Cette approche exige de recruter un CEO extérieur, souvent un profil industriel expérimenté. Les entrepreneurs en résidence, recrutés parmi ceux qui viennent de sortir de grosses levées de fonds, peuvent jouer ce rôle.
L'entrepreneur industriel qui intègre la recherche
La troisième voie, illustrée par Sublime Energie, concerne des quadragénaires ou quinquagénaires issus de l'industrie. Ils ont réussi leur vie professionnelle, sont encore en forme pour 20 ans de projets, et cherchent à monter un projet entrepreneurial à fort impact.
Au lieu de reprendre une franchise de restauration rapide, ils viennent chercher les meilleures technologies au monde dans les laboratoires universitaires. Ces profils apportent l'expérience industrielle, le réseau, et la capacité à structurer une entreprise.
L'émergence de nouveaux métiers dans l'écosystème deeptech
Le paradigme deeptech ne se limite pas à transformer des chercheurs en entrepreneurs. Il fait émerger de nouveaux métiers spécifiques à cet écosystème.

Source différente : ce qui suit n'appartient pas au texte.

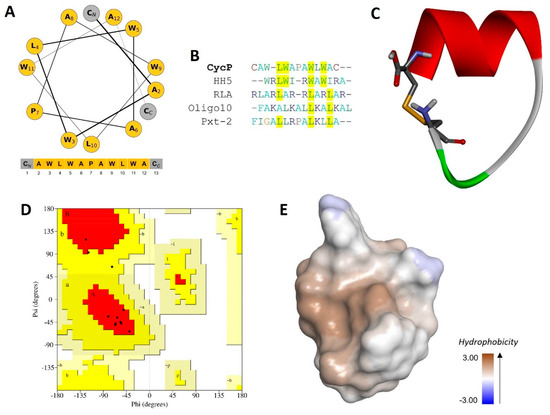 The solid-phase synthesis of a novel cyclic peptide, CycP, is carried out in the present study. We designed the peptide sequence with all-hydrophobic core amino acids with a polar cysteine residue at both the N and C terminus of the peptide (Figure 1A). The final output of peptide synthesis is a 13-amino-acid-long peptide that is cyclized by a disulfide bond. The synthesized peptide is further purified and characterized using RP-HPLC to determine the molecular weight and confirmation of the disulfide bond (Figures S1 and S2). A single peak collected from HPLC fractions showed a molecular mass of 1574.10 (M-H), which is 2Da less than the calculated molecular weight (1576.90 Da) of the peptide sequence using the Expasy ProtParam tool (https://web.expasy.org/protparam) (accessed on 6 February 2024) (Figure S2). We performed a sequence similarity search using the APD3 database to check the novelty of the newly synthesized peptide (Figure 1B). The sequence alignment revealed only 40% similarity to the HH5 synthetic peptide (APD ID: AP03954), which confirms the novelty of CycP. To have a look into the secondary structure of CycP, we made a helical wheel using the amino acid sequence that confirmed the presence of a helix in the peptide structure. Further, to obtain more details about the CycP 3D structure, we predicted the de novo 3D structure of the peptide employing the PEP-FOLD 2.0 server (Figure 1C). A Ramachandran plot analysis of the predicted structure revealed 80.0% residues in the most favored regions and 20.0% residues in additional allowed regions (Figure 1D). The results showed a high-quality cyclic helical structure for the CycP with an all-hydrophobic surface (Figure 1C,E).

Le Chief of Staff : MBA accéléré en startup
C'est le métier émergent par excellence. Quand une startup deeptech lève ses premiers 2 millions d'euros, la première action du fondateur consiste à recruter quelqu'un pour :
- Finaliser les dossiers de subventions
- Recruter des alternants
- Gérer le business plan
- Résoudre les problèmes opérationnels quotidiens
Ce bras droit polyvalent vit un MBA grandeur nature pendant 2-3 ans. Soit il se lasse et part monter sa propre startup (spinoff), soit il accompagne la croissance de l'entreprise et devient, 5 à 10 ans plus tard, un entrepreneur aguerri.
Les professionnels de l'écosystème
Au-delà des startups elles-mêmes, l'écosystème deeptech nécessite des professionnels formés aux spécificités de ces entreprises :
- Chargés d'investissement dans les fonds de capital-risque
- Responsables d'incubateurs et d'accélérateurs
- Managers de start-up studios
- Responsables innovation dans les grands groupes
- Experts en transfert de technologie
Tous ces métiers exigent une compréhension fine des enjeux scientifiques, économiques et humains propres à la deeptech.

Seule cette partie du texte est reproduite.